The most purely horrifying horror movie ever made, Tobe Hooper's The Texas Chain Saw Massacre still remains as
disturbing, suspenseful and shattering as the day it first saw the light of a drive-in screen. Its "plot" is textbook modern
American folk tale--a vanload of kids wander off the road in rural Texas and trespass on the wrong farm, where they are murdered
by a family of degenerates who used to work in the local slaughterhouse but now ply their bloody trade on passing people.

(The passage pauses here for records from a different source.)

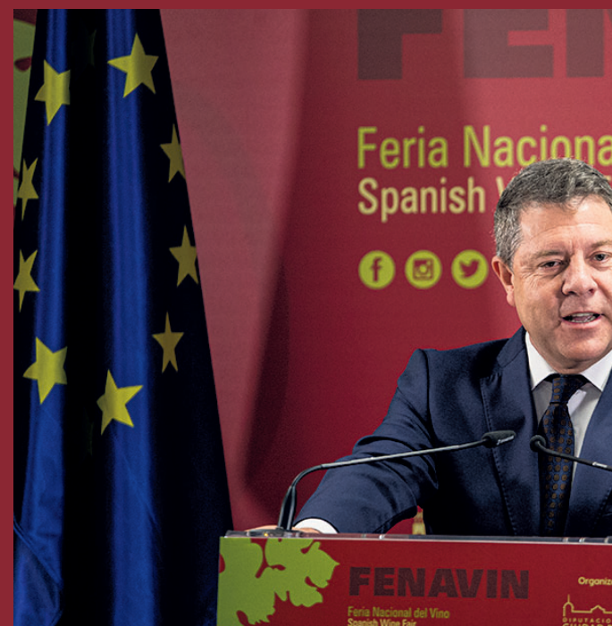
Emiliano García-Page en la apertura de la feria
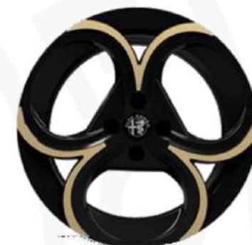
Cerchi in lega da 18" diamantati neri con finiture dorate
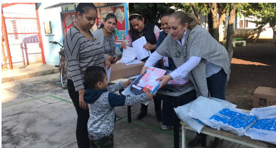
06 DE DICIEMBRE 2019
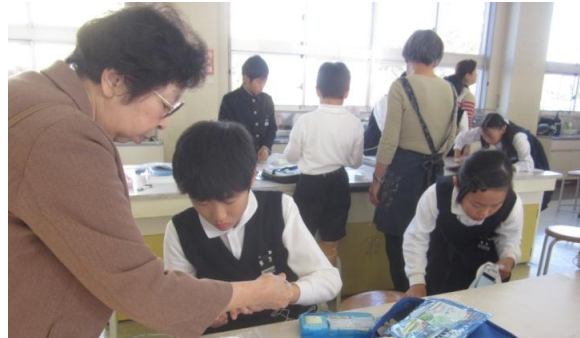
家庭科(裁縫)でミシンの使い方[10/16(木)～: 5年] 【経験豊かな15名の皆さんが、交替で支援】
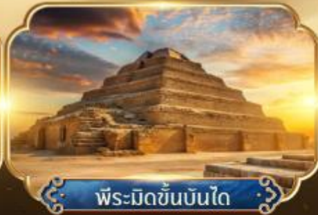
พีระมิดขั้นบันได
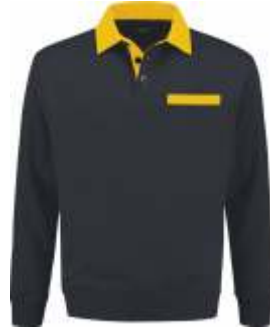
1030 Marine - Geel Marine - Gelb Marine - Yellow Marine - Jaune
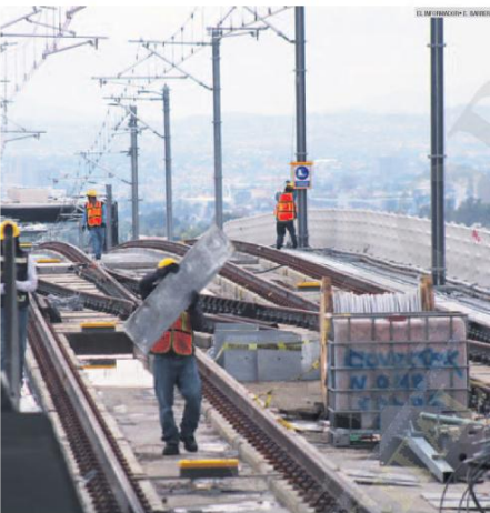
CONVENIOS. La SCT asegura que las empresas contratistas de la L3 no han incumplido los contratos establecidos.
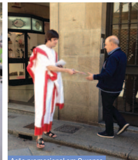
Ação promocional em Ourense
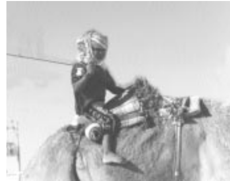
FAO, 'Back to Learning' Child Care, 'Back to Learning' Child Care

كيف يمكن للمجتمع المدني الاستفادة من اتفاقية 182 وتوصية 190 - المشاركة في برامج العمل الوطنية.
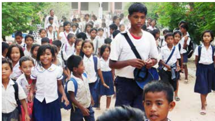
Sortie d'école des 400 enfants de Ta Pen

Cette explosion des inscriptions a des répercussions sur les frais de fonctionnement de l'école. Cela s'ajoute à la forte augmentation salariale décidée en 2014 par le Ministère de l'Éducation. C'est bien sûr positif pour le niveau de vie des professeurs mais cela fait partie des récentes difficultés rencontrées par le Don du Chœur pour gérer cette école!
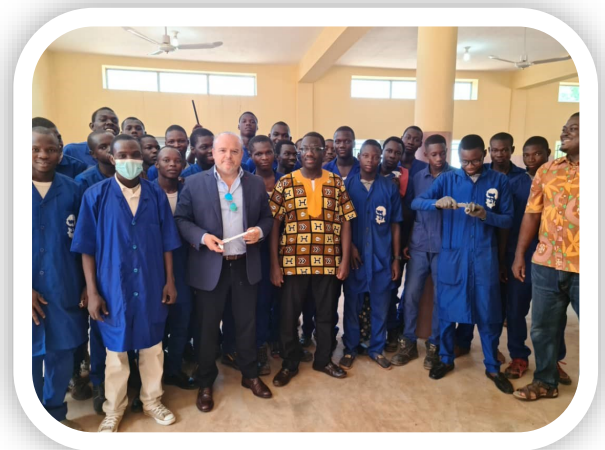
Visite officielle à Sikasso
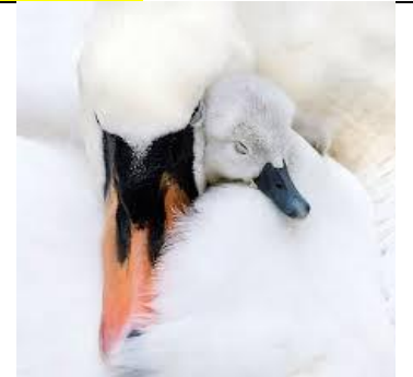
الدفء و الاحساس بالامان
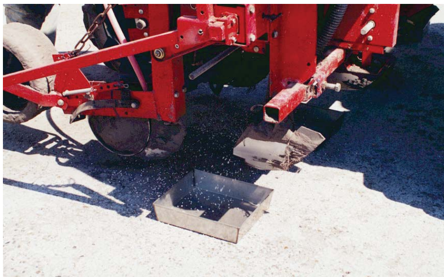
Rijbemesting stimuleert de jeugdgroei van maïs
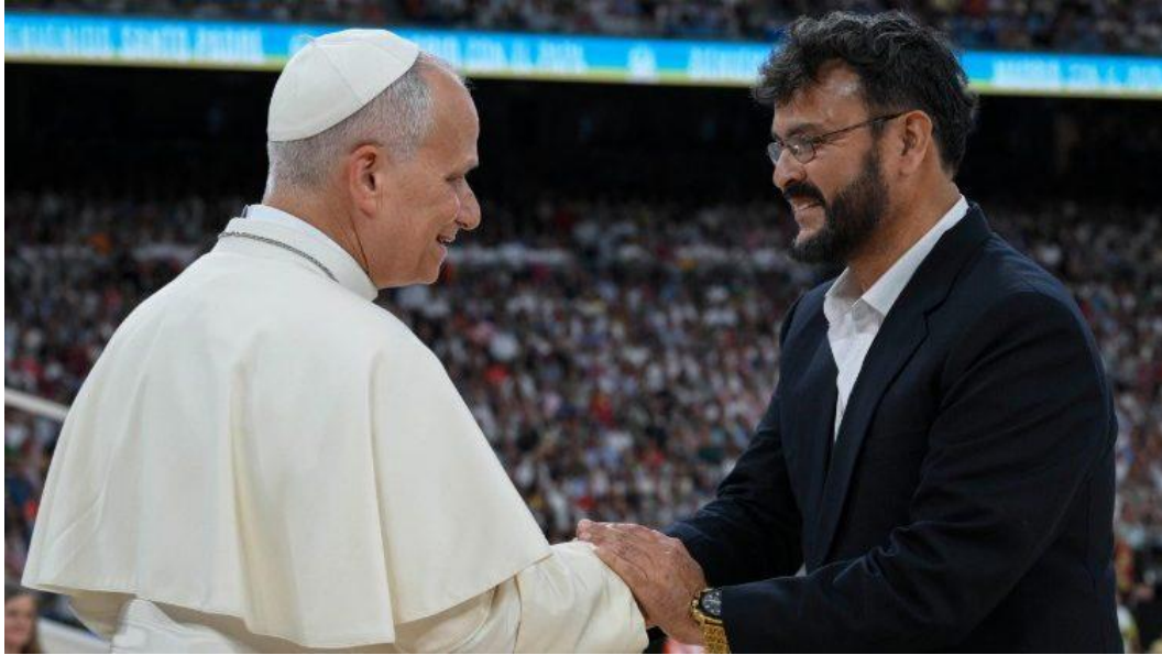
Đức Giáo Hoàng Lêô XIV tại Sân vận động Bernabéu ở Madrid
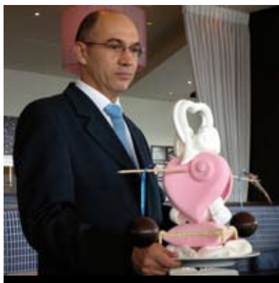
CUPIDON AUTOUR DU CHOCOLAT
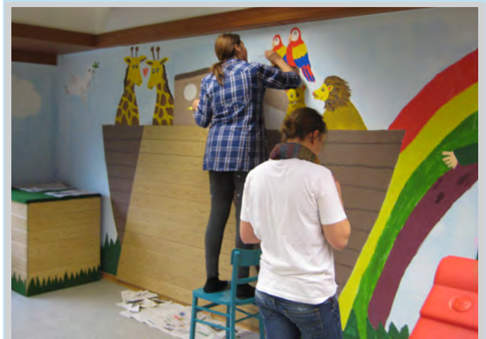
Eltern bei der Neugestaltung des Wandbildes

Viele Hände machen der Arbeit ein schnelles Ende... so kennt man das Sprichwort, worin sich effektives Arbeiten und kollegiale Gemeinschaft vereinen. Wenn dazu noch Freude und Kreativität kommen, ist dies sogar für Unbeteiligte sichtbar.

From the first images--a corpse wired to a grave, close-ups of sunspots, a dead armadillo in the road--the film goes all out
to show you the uncomfortable. Horror scenes are staged with unforgettable force, using the soundtrack as much as the (oddly
restrained) visuals to batter you senseless, but Hooper fills the film with unsettling details that register on the corner
of the eye. The horror house, where human and animal bones are used in the furniture and a fat chicken is cooped in a canary
cage, is a truly nightmarish locale, and the maniacs all have unpleasant but credible tics. Unlike The Exorcist, which
tried to make horror play with a mass audience, this is a picture for the hard-core crowd: it has an absurdist lack of meaning
as horrific as any "message" could be and is never less than totally committed to scaring you witless.